─── Information provided
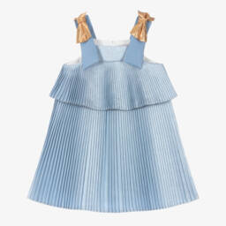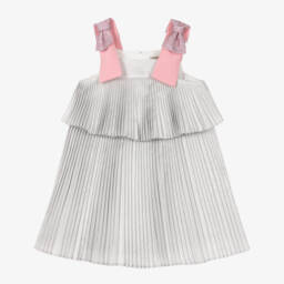 Striking glittery silver dress for girls by British brand Hucklebones London, ideal for a special occasion and exclusive to Childrensalon. Finely pleated, with a deep ruffle around the bodice, it has fixed pink and sparkling pink bows on the shoulder straps. There is an underskirt of frilled tulle for extra volume and a lightweight satin lining for comfort. It fastens with shiny silver ball buttons on the back for a pretty finish.
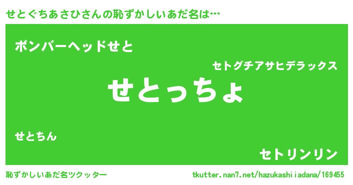 | 意味不明あだ名 | 『せとぐちあさひフォーエバー』 |
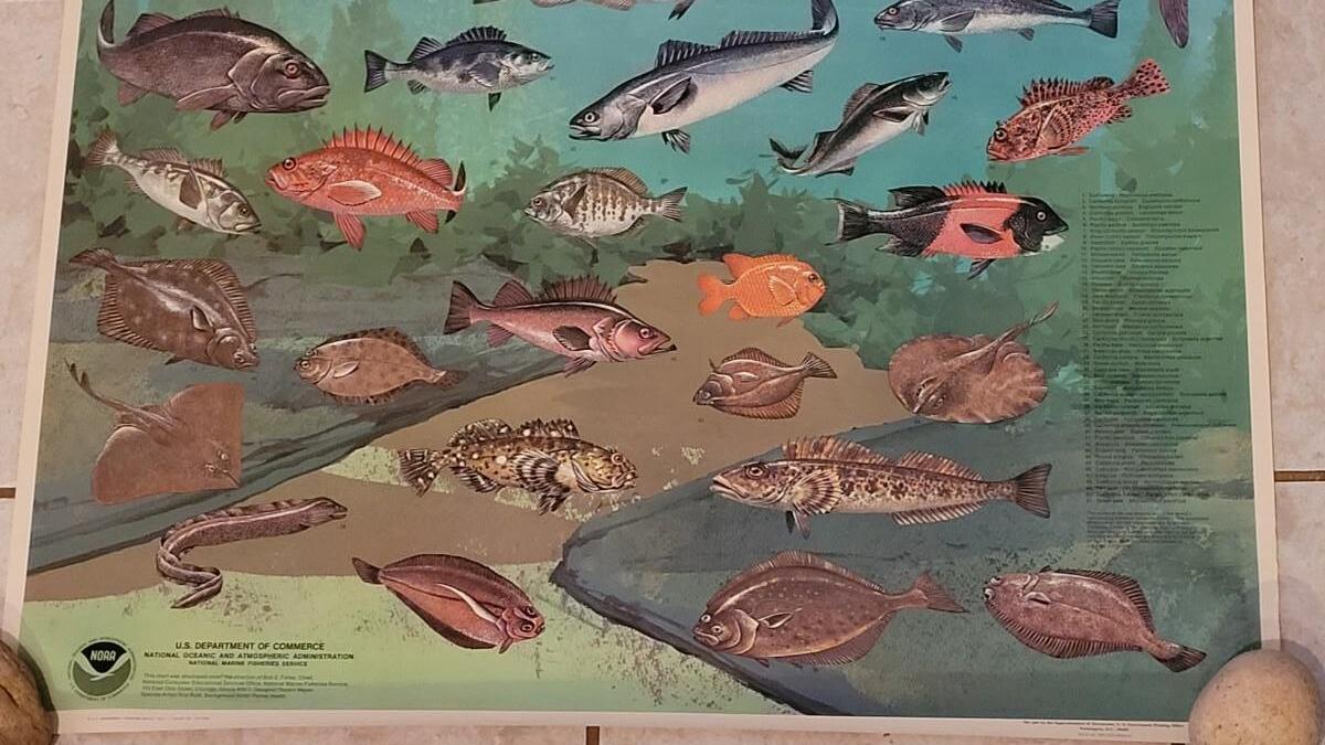 Vintage 1970's era chart / color poster - Marine Fishes of the North Pacific . Produced and distributed by the National Oceanic and Atmospheric Administration (NOAA), National Marine Fisheries , of the U. S. Department of Commerce . This color chart is printed on thick-stock paper with a thin waxy / plastic coating / sheen that adds depth to the images and protects the paper from wear. Images are exceptionally detailed and the colors are vibrant and pleasing. Bold, colorful, stimulating, and scientifically accurate - display art and education all in one, suitable for framing.
──────
▸ **Task details**
Exactly as they appear above, print all the lines, but not the pictures.

▸ **Written response**
 Striking glittery silver dress for girls by British brand Hucklebones London, ideal for a special occasion and exclusive to Childrensalon. Finely pleated, with a deep ruffle around the bodice, it has fixed pink and sparkling pink bows on the shoulder straps. There is an underskirt of frilled tulle for extra volume and a lightweight satin lining for comfort. It fastens with shiny silver ball buttons on the back for a pretty finish.
 | 意味不明あだ名 | 『せとぐちあさひフォーエバー』 |
 Vintage 1970's era chart / color poster - Marine Fishes of the North Pacific . Produced and distributed by the National Oceanic and Atmospheric Administration (NOAA), National Marine Fisheries , of the U. S. Department of Commerce . This color chart is printed on thick-stock paper with a thin waxy / plastic coating / sheen that adds depth to the images and protects the paper from wear. Images are exceptionally detailed and the colors are vibrant and pleasing. Bold, colorful, stimulating, and scientifically accurate - display art and education all in one, suitable for framing.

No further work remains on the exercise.